** Exercise goal **
Copy out the data below from the line containing "1.糖尿病病程:病程越長,風" to the line containing "Klarstein Kronleuchter - Campana", both lines included, with all images left out.

** Given records **

[Start of section]

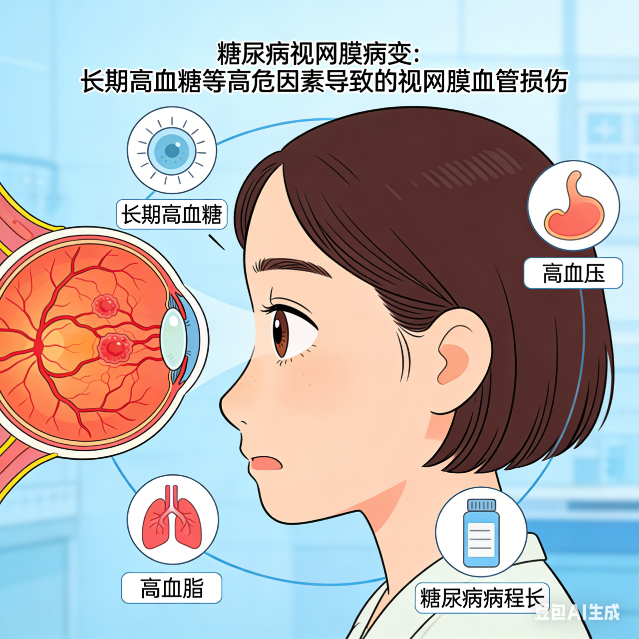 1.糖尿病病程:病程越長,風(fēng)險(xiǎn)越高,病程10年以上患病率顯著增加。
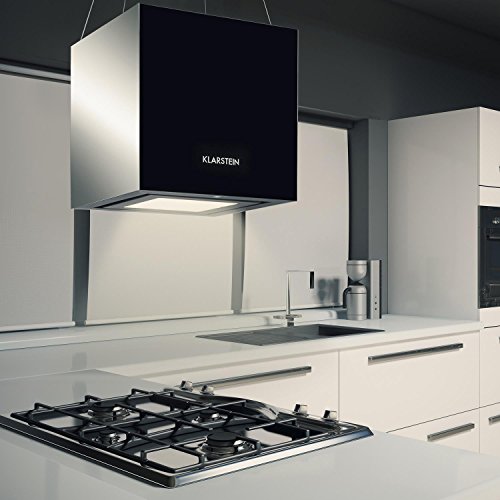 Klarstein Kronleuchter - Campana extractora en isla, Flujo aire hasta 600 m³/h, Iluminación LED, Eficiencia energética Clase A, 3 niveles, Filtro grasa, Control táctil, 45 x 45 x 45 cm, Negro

[End of section]
[Start of section]

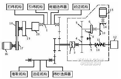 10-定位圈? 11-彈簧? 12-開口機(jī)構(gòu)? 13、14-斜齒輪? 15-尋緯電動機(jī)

[End of section]

** Solved problem **
 1.糖尿病病程:病程越長,風(fēng)險(xiǎn)越高,病程10年以上患病率顯著增加。
 Klarstein Kronleuchter - Campana extractora en isla, Flujo aire hasta 600 m³/h, Iluminación LED, Eficiencia energética Clase A, 3 niveles, Filtro grasa, Control táctil, 45 x 45 x 45 cm, Negro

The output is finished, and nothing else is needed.